Com sede em Vancouver (Columbia Britânica), a Canadá Rare Earth Corporation anunciou ao governo estadual a instalação de seu empreendimento em Ariquemes, a duzentos quilômetros de Porto Velho,  estimando investimentos de R$ 1,5 bilhão e trezentos empregos diretos. À primeira vista isso pode ser bom, porque o setor não proporciona mais do que mil empregos.

O recém-chegado grupo canadense alardeia mais, colocando esta parte da Amazônia Ocidental Brasileira no mapa da competitividade: Rondônia passaria a ser o primeiro estado da América Latina “com indústria de terras raras, substâncias químicas usadas na indústria para a produção de diversos itens”.

Seus representantes anunciaram o negócio a um plenário infelizmente desfalcado de especialistas no assunto, daí, nenhuma pergunta mais consistente lhes foi dirigida. Nem ao menos a respeito do licenciamento ambiental.

O discurso incorporou  palavra “sustentável” quando se referiram ao rejeito mineral do garimpo Bom Futuro, considerado há três décadas o maior a céu aberto do mundo ?

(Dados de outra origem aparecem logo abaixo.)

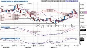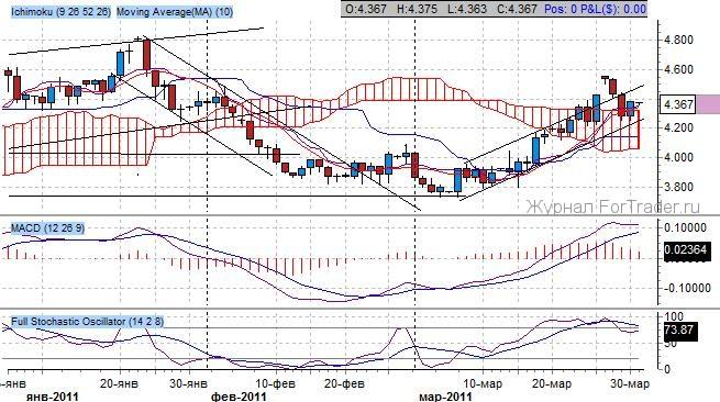 Котировки покинули вновь облако Ишимоку через его верхнюю границу на 4.300 пункта, что демонстрирует силу покупателей. Ранее остановка продаж произошла в диапазоне 3.750-3.800 пункта – сильный уровень поддержки и граница Облака Ишимоку в декабре 2010 года. Важный уровень сопротивления проходит через отметку 4.500 – проторгованный уровень по верхней границе Облака Ишимоку в феврале текущего года. Ключевые скользящие средние находятся в бычьем пересечении с 14 марта, при этом быстрая скользящая средняя торгуется повышательно, а медленная идентично – признак реализации повышательного тренда.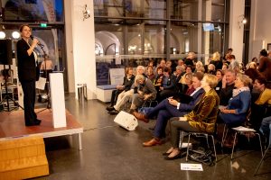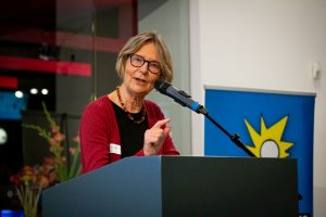 Die Hausherrin Prof. Dr. Anja Dauschek begrüßte mit kurzen aber herzlichen Worten das Kinderbuch interessierte Publikum.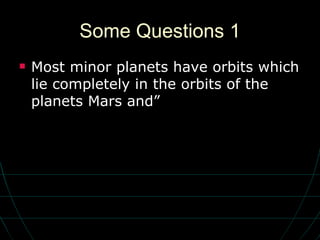 2. The questions cover topics like the structure of the solar system, properties of comets and asteroids, formation of the solar system, characteristics of planets and stars, and processes that occur on the sun.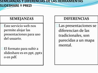 Este documento compara las herramientas Slideshare y Prezi, destacando sus semejanzas y diferencias. Ambas permiten crear presentaciones en línea de forma similar a un mapa mental, aunque Slideshare requiere presentaciones en formato PPT mientras que Prezi permite crearlas directamente en la nube. Slideshare es gratuito mientras que Prezi ofrece solo el primer mes gratis.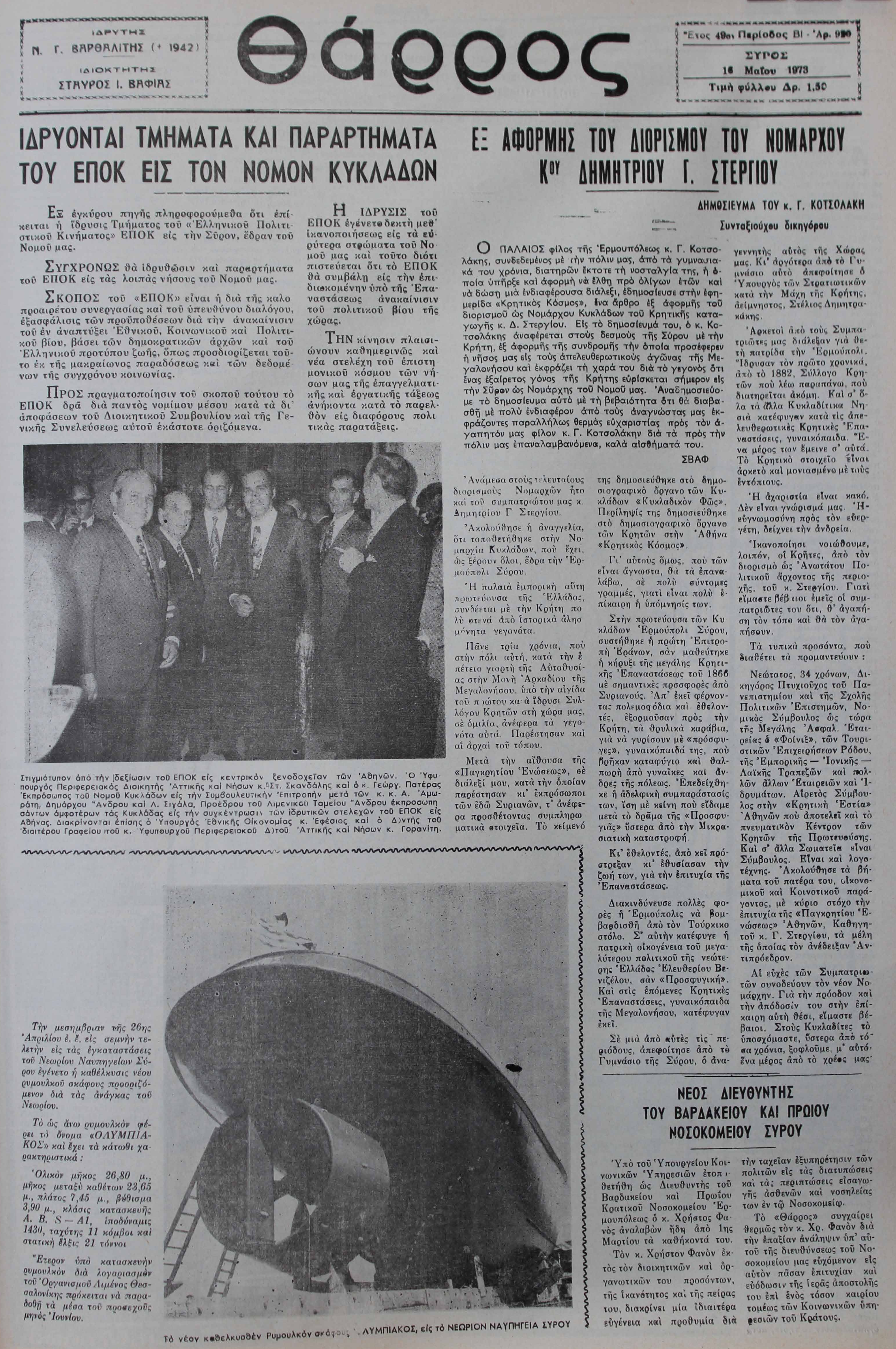 16 Μαϊ 1973 [Αρ. Φύλλου 920]

Na padronização do tamanho de fragmentos e aumento da qualidade e concentração relativa do mineral a ser comercializado, a empresa procede ao beneficiamento mineral. O rejeito nada mais é que o produto originado na fase de separação do minério.

A empresa diz que utilizará o mineral por indústrias de alta tecnologia na fabricação de lasers, cabos de fibras ópticas e até no refino de petróleo.

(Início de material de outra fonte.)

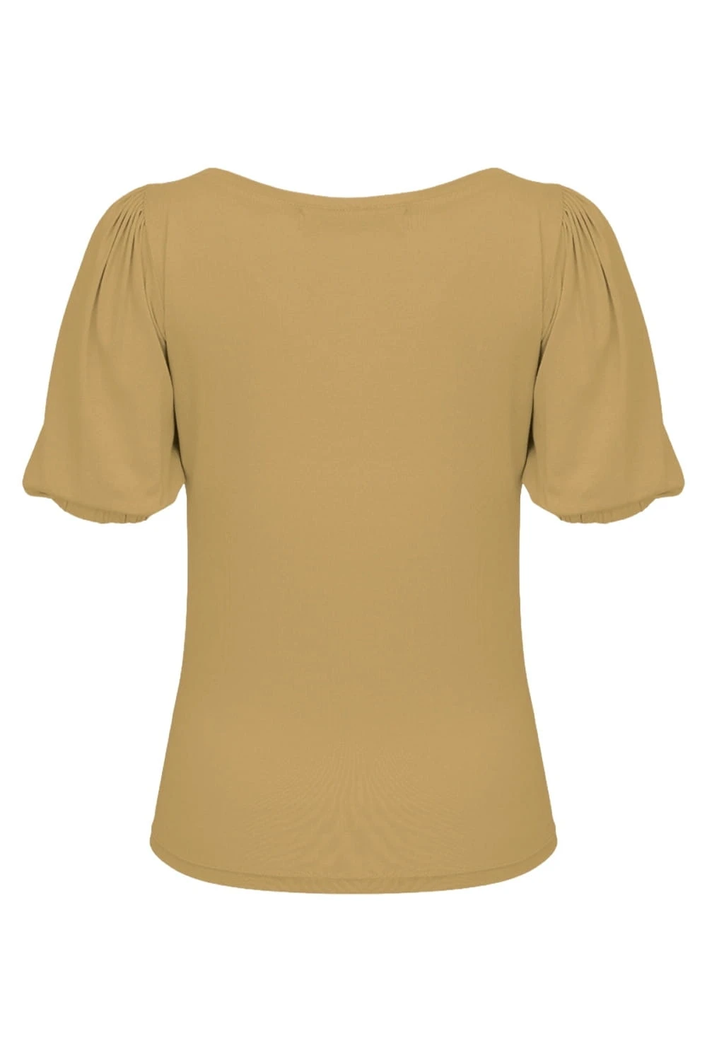 Zachwyca kobiecym dekoltem w kształcie litery „V” oraz subtelnie bufkami przy ramionach, które dodają sylwetce lekkości i romantyzmu. Dzięki elastycznej tkaninie doskonale dopasowuje się do ciała, zapewniając komfort noszenia przez cały dzień.
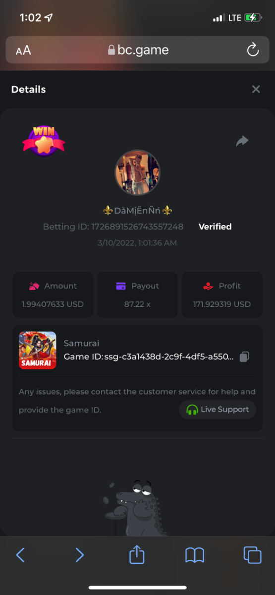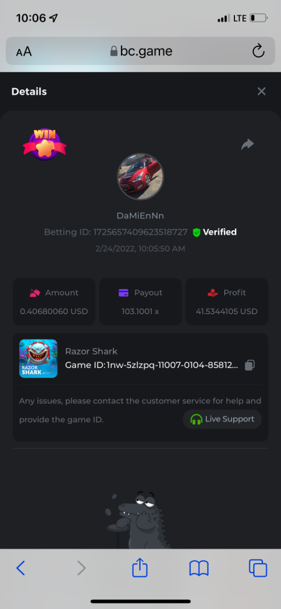 5. https://bc.game/sd/?sd=10H6B2VPA8NCB7 24.0304x $0.25 bet https://bc.game/sd/?sd=10H7GPCBDWKNWZ 100x $0.10 bet https://bc.game/sd/?sd=10H7HZSBB3BDW3 25.4x $1.00 bet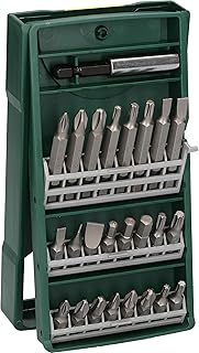 Suministro: 16 puntas de atornillar de 25 mm de longitud (3 para cabeza cruzada PH 1/2/3, 3 para tornillos Pozidriv PZ 1/2/3, 3 para cabeza ranurada S 4,5/5,5/8, 4 para cabeza Torx T 15/20/25/30, 3 para cabeza hexagonal H 4/5/6), 8 puntas de atornillar de 50 mm de longitud (3 para cabeza cruzada PH 1/2/3, 2 para cabeza ranurada S 4,5/5,5, 3 para cabeza Torx T 15/20/25), 1 soporte magnético universal

Nos anos 1970 a voz do locutor Lucivaldo Souza, recentemente falecido aos 73 anos, anunciava na Rádio Caiari AM: “São 11h em Porto Velho, Capital Brasileira do Minério de Estanho”. Justificava-se, pois era mesmo.

Lucivaldo Souza

E onde foi parar o grupo Brascan, depois de ir embora de Rondônia? perguntaria algum o interessado em esclarecer essa parte da história?

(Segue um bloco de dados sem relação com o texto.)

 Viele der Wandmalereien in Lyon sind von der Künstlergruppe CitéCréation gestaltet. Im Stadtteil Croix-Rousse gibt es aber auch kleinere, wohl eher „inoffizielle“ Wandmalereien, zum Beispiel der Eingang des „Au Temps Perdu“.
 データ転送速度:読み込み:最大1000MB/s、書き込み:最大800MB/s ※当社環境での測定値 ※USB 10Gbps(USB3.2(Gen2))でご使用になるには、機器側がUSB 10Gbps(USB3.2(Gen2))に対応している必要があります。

Ao menos um ex-diretor do grupo está ancorado na toda poderosa canadense Brookfield [chegou ao Brasil no final dos anos 1800), que no dia 27 de março anunciaria um aporte de R$ 650 milhões na Renova Energia, um de seus novos negócios no País.

A Brookfield Energia Renovável opera no Brasil 43 usinas hidrelétricas, 19 parques eólicos e quatro usinas de geração a partir de biomassa, que somam uma capacidade instalada de aproximadamente 1.600 MW e ativos de aproximadamente R$ 18 bilhões espalhados por dez estados.

No final dos anos 1990, a Estanho de Rondônia S/A negociava a Mineração Jacundá, e logo após, nos anos 2000, a Companhia Siderúrgica Nacional também se interessava pelo seu patrimônio. A Jacundá vendeu e também doou parte das casas de algumas vilas, sobretudo no setor Santa Maria, para moradores e funcionários da empresa que residiam em Itapuã do Oeste.

Com a quebra da cassiterita entre 1989 e 1990, no mercado internacional, a mineração viveu a adaptação à nova realidade imposta pelo mercado, e assim uma parte significativa da população da Jacundá que não foi demitida passou a fixar residência no distrito, mais tarde elevado à condição de município.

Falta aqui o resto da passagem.